Gyeongheuigung... Impossible de savoir ce que ces messieurs d'un autre temps, endimanchés pour la parade, font ici. En revanche, pour continuer sur l'impression de décor de cinéma, c'est réussi. Comme tous les autres palais, celui-ci est un fort bel étalage des prouesses techniques en matière de constructions en bois. En évoquant toujours fortement les édifices japonais, je commence à saisir quelques nuances, notamment dans les codes de couleurs; mais il faut bien l'avouer, beaucoup de choses restent hermétiques.

dimanche 17 mai 2009

Jongmyo, sanctuaire royal

Alors que la ville m'apparait rapidement étouffante et terne, les nombreux palais qu'elle contient sont d'agréables occasions de se ressourcer dans la nature, certes fortement domestiquée. Encore une fois, la sensation de vide est frappante. Tout est propre, presque aseptisé, et il n'y a pas un chat.

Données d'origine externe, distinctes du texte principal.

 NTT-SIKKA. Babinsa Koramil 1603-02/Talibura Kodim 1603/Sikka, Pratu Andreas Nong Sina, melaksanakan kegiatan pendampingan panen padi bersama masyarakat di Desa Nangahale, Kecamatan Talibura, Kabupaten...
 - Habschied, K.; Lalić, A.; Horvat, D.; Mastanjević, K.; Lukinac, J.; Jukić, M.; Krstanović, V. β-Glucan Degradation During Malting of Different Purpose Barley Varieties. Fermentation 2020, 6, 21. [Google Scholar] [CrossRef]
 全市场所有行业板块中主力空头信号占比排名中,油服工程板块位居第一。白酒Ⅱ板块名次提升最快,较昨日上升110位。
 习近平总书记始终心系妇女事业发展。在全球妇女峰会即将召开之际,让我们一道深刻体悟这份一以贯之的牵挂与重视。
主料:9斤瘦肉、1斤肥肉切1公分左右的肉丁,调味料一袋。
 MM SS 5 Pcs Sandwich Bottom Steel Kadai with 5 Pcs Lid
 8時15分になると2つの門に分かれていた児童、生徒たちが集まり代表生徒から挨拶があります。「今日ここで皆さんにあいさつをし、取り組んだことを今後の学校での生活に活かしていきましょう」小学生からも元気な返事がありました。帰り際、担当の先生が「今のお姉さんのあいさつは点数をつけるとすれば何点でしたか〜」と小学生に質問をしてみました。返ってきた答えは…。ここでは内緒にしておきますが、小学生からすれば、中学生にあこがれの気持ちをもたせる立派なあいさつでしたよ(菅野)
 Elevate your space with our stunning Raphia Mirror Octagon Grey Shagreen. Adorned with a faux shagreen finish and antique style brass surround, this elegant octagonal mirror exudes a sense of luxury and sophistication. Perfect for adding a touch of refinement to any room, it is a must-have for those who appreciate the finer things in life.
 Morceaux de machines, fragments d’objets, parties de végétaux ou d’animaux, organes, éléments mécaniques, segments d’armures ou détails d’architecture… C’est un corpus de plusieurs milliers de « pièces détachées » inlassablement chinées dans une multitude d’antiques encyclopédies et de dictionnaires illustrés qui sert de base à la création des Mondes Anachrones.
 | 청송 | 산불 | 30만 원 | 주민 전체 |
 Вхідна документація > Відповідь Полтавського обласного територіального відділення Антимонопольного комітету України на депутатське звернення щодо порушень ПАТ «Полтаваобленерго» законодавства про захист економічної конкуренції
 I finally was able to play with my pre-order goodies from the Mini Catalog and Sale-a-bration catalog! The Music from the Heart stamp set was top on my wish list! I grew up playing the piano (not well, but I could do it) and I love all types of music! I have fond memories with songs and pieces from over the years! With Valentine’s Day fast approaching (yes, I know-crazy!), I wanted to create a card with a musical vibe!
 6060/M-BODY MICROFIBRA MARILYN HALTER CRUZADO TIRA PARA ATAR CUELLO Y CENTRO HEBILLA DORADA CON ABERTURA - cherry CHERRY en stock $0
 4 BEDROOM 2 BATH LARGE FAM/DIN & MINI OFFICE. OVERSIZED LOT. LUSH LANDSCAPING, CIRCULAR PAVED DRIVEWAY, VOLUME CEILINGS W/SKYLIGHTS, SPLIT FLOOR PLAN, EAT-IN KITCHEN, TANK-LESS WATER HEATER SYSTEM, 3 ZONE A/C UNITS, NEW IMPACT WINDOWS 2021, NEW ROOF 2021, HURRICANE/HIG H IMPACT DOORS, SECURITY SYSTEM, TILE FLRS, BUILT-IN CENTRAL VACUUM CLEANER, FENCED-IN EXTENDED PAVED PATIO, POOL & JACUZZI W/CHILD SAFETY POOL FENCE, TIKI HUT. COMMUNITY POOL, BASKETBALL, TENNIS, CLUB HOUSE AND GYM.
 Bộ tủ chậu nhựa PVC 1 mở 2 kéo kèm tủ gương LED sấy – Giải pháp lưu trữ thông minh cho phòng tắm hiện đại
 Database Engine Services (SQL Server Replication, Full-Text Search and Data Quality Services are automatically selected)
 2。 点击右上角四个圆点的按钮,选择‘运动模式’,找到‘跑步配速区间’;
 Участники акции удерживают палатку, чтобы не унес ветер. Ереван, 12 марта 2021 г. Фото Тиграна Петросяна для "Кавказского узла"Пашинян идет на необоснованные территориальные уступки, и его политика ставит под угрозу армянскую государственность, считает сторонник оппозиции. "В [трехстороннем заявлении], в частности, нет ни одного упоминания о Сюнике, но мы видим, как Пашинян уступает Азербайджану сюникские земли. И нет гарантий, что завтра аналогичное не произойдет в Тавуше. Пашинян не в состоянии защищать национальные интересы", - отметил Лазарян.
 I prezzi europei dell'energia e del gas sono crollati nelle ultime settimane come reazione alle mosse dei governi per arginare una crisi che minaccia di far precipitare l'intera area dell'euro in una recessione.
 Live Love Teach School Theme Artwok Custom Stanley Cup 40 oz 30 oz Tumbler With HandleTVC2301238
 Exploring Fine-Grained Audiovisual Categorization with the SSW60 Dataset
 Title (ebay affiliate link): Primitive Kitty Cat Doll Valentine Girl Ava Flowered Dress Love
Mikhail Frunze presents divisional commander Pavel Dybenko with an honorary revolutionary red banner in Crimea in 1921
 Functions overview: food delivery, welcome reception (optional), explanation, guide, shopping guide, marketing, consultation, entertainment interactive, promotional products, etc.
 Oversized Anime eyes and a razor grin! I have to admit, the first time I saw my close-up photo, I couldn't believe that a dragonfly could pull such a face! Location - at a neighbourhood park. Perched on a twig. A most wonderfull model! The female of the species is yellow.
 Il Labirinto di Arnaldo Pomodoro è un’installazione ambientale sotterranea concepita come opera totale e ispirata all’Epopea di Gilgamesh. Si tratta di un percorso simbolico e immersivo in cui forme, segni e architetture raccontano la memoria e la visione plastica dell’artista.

Le palais de la longévité vertueuse

Deoksugung de son petit nom... le palais de la longévité vertueuse parait bien triste sous la pluie fine et continue. Les bâtiments sont vides, et je suis seul à parcourir les allées.
La porte monumentale à l'entrée est du XVe siècle, mais le temps s'écoule à mesure qu'on progresse dans le palais. Au fond, trône un édifice des années 40 d'inspiration vaguement Art Déco. Le cheminement et les juxtapositions sont détonants.

mardi 12 mai 2009

Au pays des matins calmes

Entre Paris et Hong Kong, une escale de quelques jours pour finir un été de pérégrinations. Un impromptu rapide, sorte de fugue vers l'inconnu, dans un pays ni rêvé ni rejeté. Sans préméditation, c'est une visite de couroisie chez un voisin, celui qui habite en face, qu'on croise souvent et qu'on ne connaît finalement pas du tout.

vendredi 1 mai 2009

Grote kerk - Haarlem

Un dernier billet sur cette escapade aux Pays-Bas. Il eut été dommage de passer rapidement sur Haarlem; la ville évoque la conquête du Nouveau Monde et un quartier de New York aujourd'hui bien plus célèbre qu'elle. C'est aussi un lieu, parmi d'autres, de la confrontation des religions catholiques et protestantes. Au milieu de la cité, se dresse cette magnifique "grosse église", ou Grote kerk, autrefois consacrée à Saint-Bavon. Les échoppes collées à son flanc lui conservent son caractère médiéval, et son gothique élancé qui repose sur des bases puissantes impose le respect depuis plusieurs siècles. Le caractère confiné du quartier ne permet pas un recul suffisant pour apprécier la taille de l'édifice; l'accès s'y fait en passant à travers deux maisons collées au mur du bâtiment... et c'est seulement lorsqu'on découvre l'immense espace contenu à l'intérieur que l'on prend conscience de l'ampleur de la construction. L'impression de clarté et la luminosité tranchent avec les ruelles alentour. L'effet est réussi, et il devait l'être d'autant plus sur le quidam médiéval sortant de son habitation en bois mal éclairée... Longtemps catholique, cette église puis cathédrale a été reprise par les protestants au XVIe siècle: l'enjeu était de taille. Les tenants de la Réforme ont évidemment dépouillé le lieu de toutes fioritures et leur caractéristique simplicité dans la décoration ne fait qu'ajouter à la grandeur et à la luminosité. Enfin, pour l'anecdote, il y a un orgue immense au fond, qui fut, dans la première moitié du XVIIe, l'instrument le plus grand du monde. Mozart, Haëndel, Mendelssohn sont venus y jouer...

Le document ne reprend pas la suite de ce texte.